> [ACTIVITY]
A word-for-word copy of the listing is required, and it must contain no pictures.
(DATA SECTION)
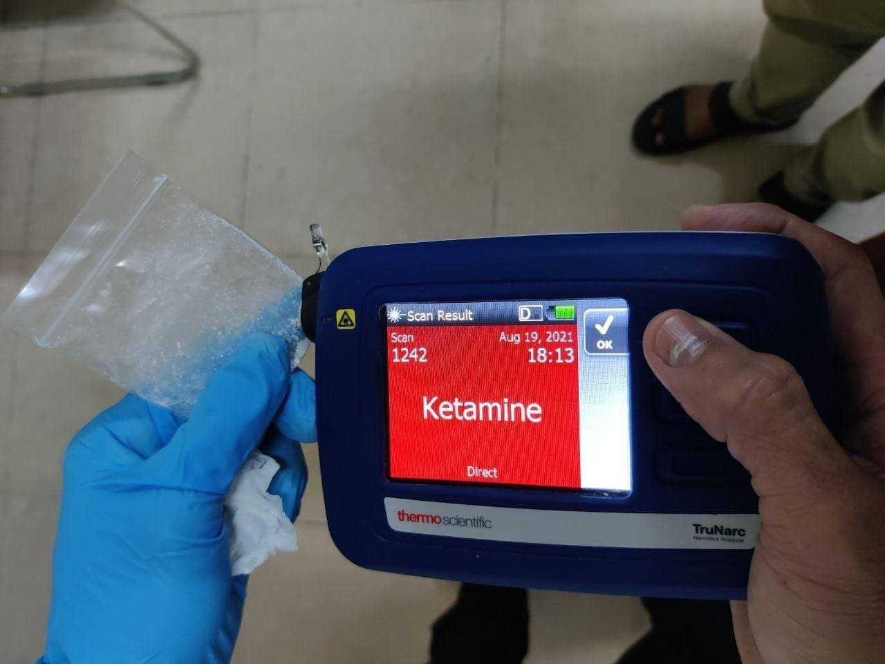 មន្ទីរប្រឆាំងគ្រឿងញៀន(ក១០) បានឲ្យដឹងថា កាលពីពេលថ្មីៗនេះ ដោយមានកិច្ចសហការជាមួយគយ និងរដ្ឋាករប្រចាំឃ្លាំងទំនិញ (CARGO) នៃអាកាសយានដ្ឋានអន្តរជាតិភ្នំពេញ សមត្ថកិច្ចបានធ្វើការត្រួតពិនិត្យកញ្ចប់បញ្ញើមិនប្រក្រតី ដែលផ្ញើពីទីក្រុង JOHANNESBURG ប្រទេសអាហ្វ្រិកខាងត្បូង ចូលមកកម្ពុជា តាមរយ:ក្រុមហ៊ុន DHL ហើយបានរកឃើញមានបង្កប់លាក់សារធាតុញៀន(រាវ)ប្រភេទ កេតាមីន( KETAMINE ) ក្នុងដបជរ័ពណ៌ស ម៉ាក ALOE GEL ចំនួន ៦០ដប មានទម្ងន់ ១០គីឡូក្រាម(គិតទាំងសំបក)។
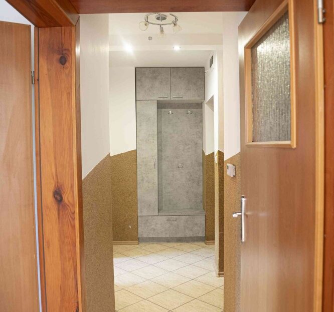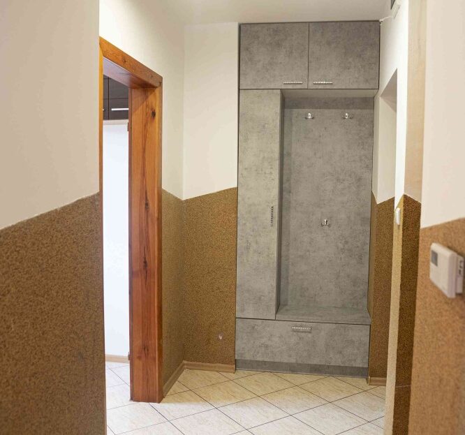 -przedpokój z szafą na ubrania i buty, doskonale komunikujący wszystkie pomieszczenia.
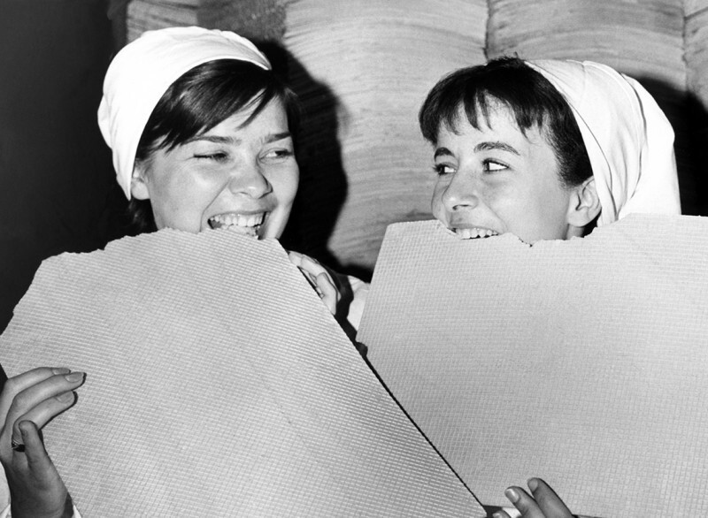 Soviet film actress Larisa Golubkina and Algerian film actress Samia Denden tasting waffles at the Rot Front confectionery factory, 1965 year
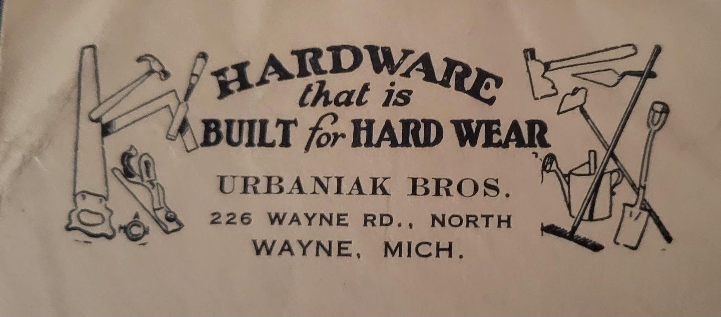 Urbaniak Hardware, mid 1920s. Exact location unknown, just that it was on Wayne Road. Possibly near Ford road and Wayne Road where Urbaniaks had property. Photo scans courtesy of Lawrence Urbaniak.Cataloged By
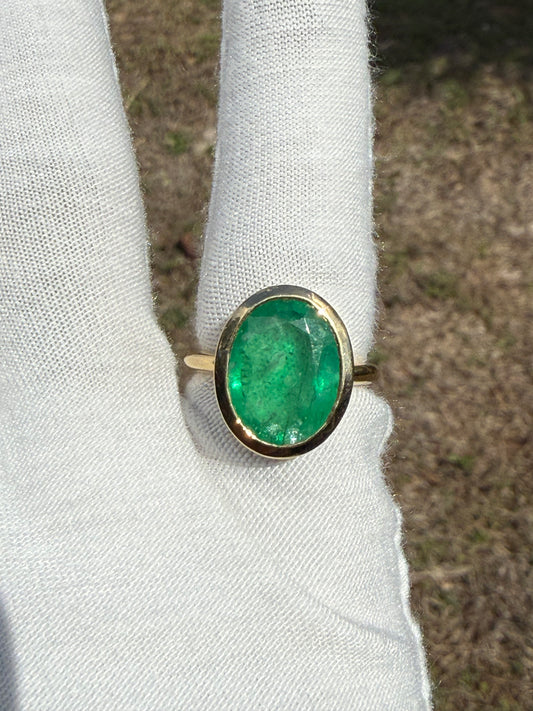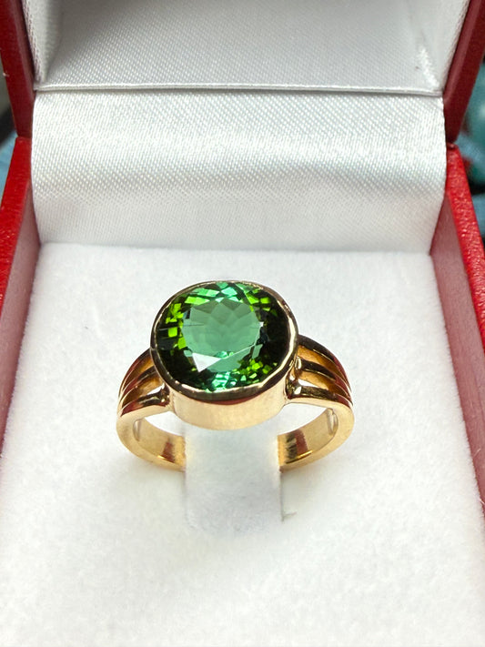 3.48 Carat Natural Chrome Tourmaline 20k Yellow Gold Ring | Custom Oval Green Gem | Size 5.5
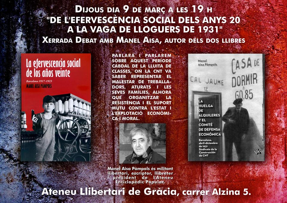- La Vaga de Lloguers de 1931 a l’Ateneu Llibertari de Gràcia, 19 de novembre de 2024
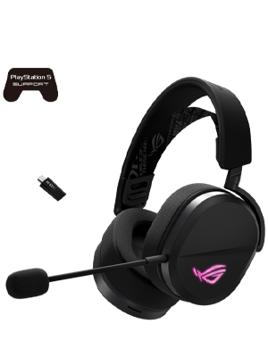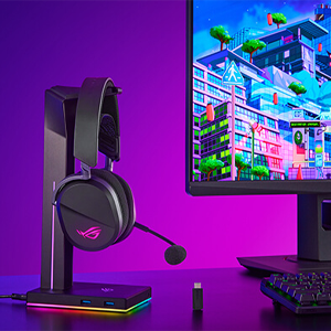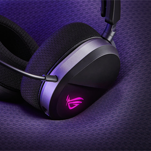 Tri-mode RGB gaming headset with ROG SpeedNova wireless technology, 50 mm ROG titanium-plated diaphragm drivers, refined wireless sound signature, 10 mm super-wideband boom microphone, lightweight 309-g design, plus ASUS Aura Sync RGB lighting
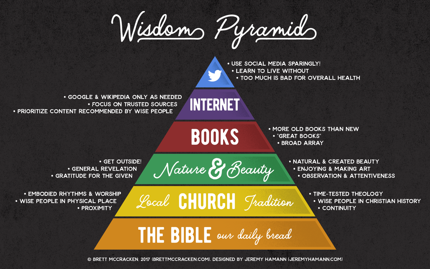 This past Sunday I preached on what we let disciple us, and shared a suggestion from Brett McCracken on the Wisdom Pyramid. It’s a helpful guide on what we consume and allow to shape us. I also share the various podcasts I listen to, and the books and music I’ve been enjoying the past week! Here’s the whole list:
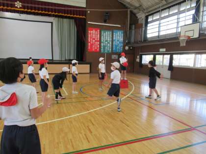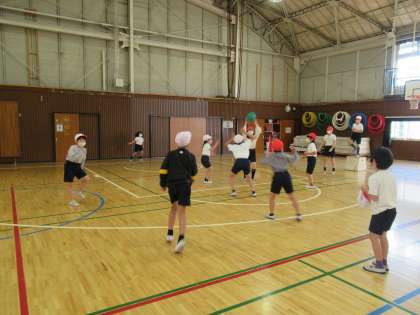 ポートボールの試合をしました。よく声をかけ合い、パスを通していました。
(End DATA SECTION)
> [OUTPUT FOR THIS EXERCISE]
 មន្ទីរប្រឆាំងគ្រឿងញៀន(ក១០) បានឲ្យដឹងថា កាលពីពេលថ្មីៗនេះ ដោយមានកិច្ចសហការជាមួយគយ និងរដ្ឋាករប្រចាំឃ្លាំងទំនិញ (CARGO) នៃអាកាសយានដ្ឋានអន្តរជាតិភ្នំពេញ សមត្ថកិច្ចបានធ្វើការត្រួតពិនិត្យកញ្ចប់បញ្ញើមិនប្រក្រតី ដែលផ្ញើពីទីក្រុង JOHANNESBURG ប្រទេសអាហ្វ្រិកខាងត្បូង ចូលមកកម្ពុជា តាមរយ:ក្រុមហ៊ុន DHL ហើយបានរកឃើញមានបង្កប់លាក់សារធាតុញៀន(រាវ)ប្រភេទ កេតាមីន( KETAMINE ) ក្នុងដបជរ័ពណ៌ស ម៉ាក ALOE GEL ចំនួន ៦០ដប មានទម្ងន់ ១០គីឡូក្រាម(គិតទាំងសំបក)។
 -przedpokój z szafą na ubrania i buty, doskonale komunikujący wszystkie pomieszczenia.
 Soviet film actress Larisa Golubkina and Algerian film actress Samia Denden tasting waffles at the Rot Front confectionery factory, 1965 year
 Urbaniak Hardware, mid 1920s. Exact location unknown, just that it was on Wayne Road. Possibly near Ford road and Wayne Road where Urbaniaks had property. Photo scans courtesy of Lawrence Urbaniak.Cataloged By
 3.48 Carat Natural Chrome Tourmaline 20k Yellow Gold Ring | Custom Oval Green Gem | Size 5.5
- La Vaga de Lloguers de 1931 a l’Ateneu Llibertari de Gràcia, 19 de novembre de 2024
 Tri-mode RGB gaming headset with ROG SpeedNova wireless technology, 50 mm ROG titanium-plated diaphragm drivers, refined wireless sound signature, 10 mm super-wideband boom microphone, lightweight 309-g design, plus ASUS Aura Sync RGB lighting
 This past Sunday I preached on what we let disciple us, and shared a suggestion from Brett McCracken on the Wisdom Pyramid. It’s a helpful guide on what we consume and allow to shape us. I also share the various podcasts I listen to, and the books and music I’ve been enjoying the past week! Here’s the whole list:
 ポートボールの試合をしました。よく声をかけ合い、パスを通していました。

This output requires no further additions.